From the above we know elements of p2 take the form of 2x + 2y√-5
... but you haven't yet shown everything of that form is an element of p2.

As a general bit of advice, I find it a lot easier to work with generators rather than the entire ideal, or sometimes a basis for the ideal. To show p2 is contained in <2>, all you need to do is show that the generators of p2 are contained in <2>. Or to show that p2 = <2>, it's enough to show that some basis for p2 is also a basis for <2>.

Actually, the elements of p2 are sums of elements of that form.

... but you haven't yet shown everything of that form is an element of p2.
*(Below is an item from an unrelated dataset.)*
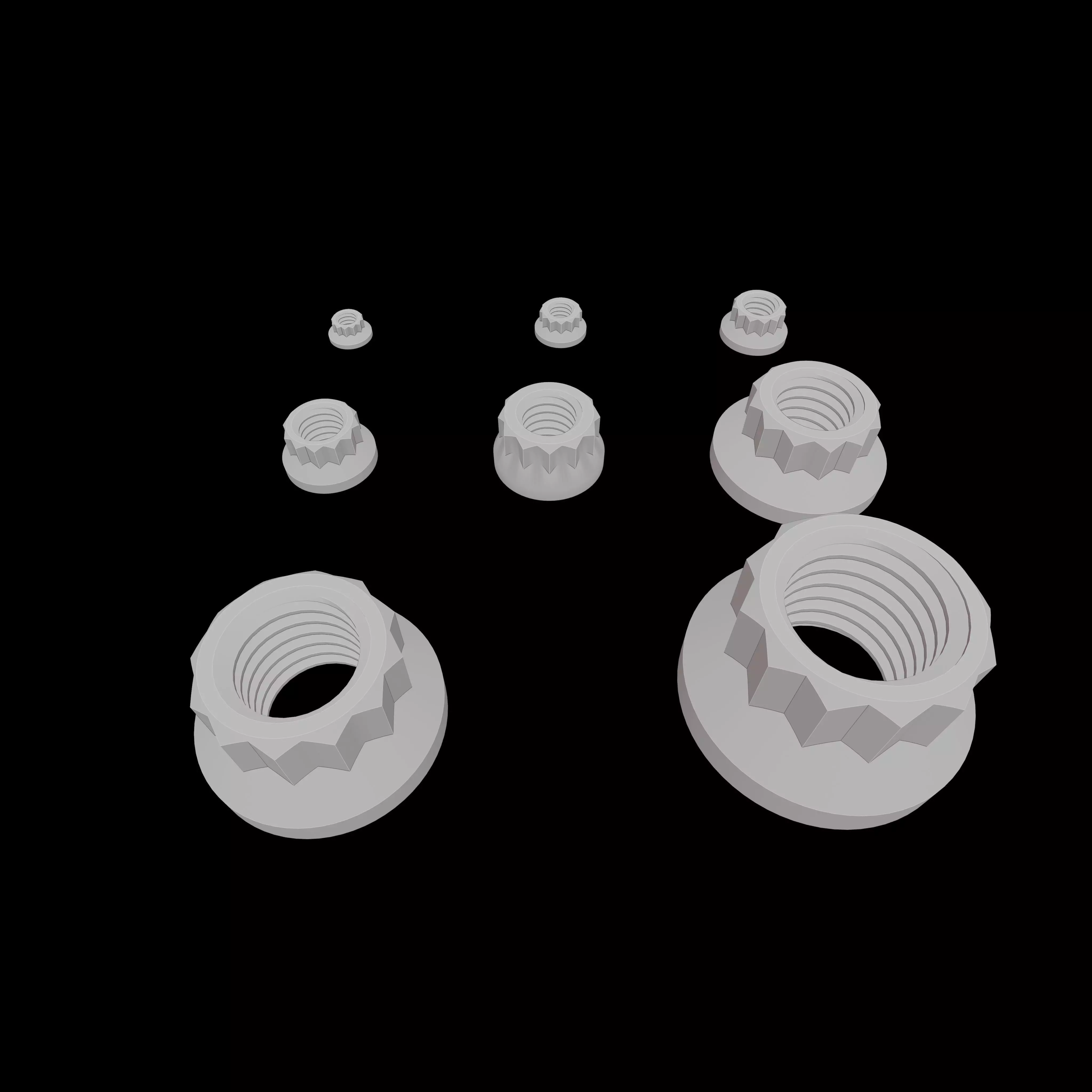 This 3D model set features a collection of 12-point flange nuts designed specifically for 3D printing applications.Each nut is modeled with clean geometry and consistent proportions, presented in multiple sizes arranged as a batch based on nut dimensions.

As a general bit of advice, I find it a lot easier to work with generators rather than the entire ideal, or sometimes a basis for the ideal. To show p2 is contained in <2>, all you need to do is show that the generators of p2 are contained in <2>. Or to show that p2 = <2>, it's enough to show that some basis for p2 is also a basis for <2>.
Ah ok, I'm not really sure how to work with the generators though.

I assume you mean something like

<2 , 1+ rt(-5)> = <4, 4(1+rt(-5)), 4> =<2>

Which I know its probably wrong but you get the idea. Can you give me a general rule on how to multiply together

<a, b + rt(c)><d, e + rt(c)>

please? It might help me do the others too.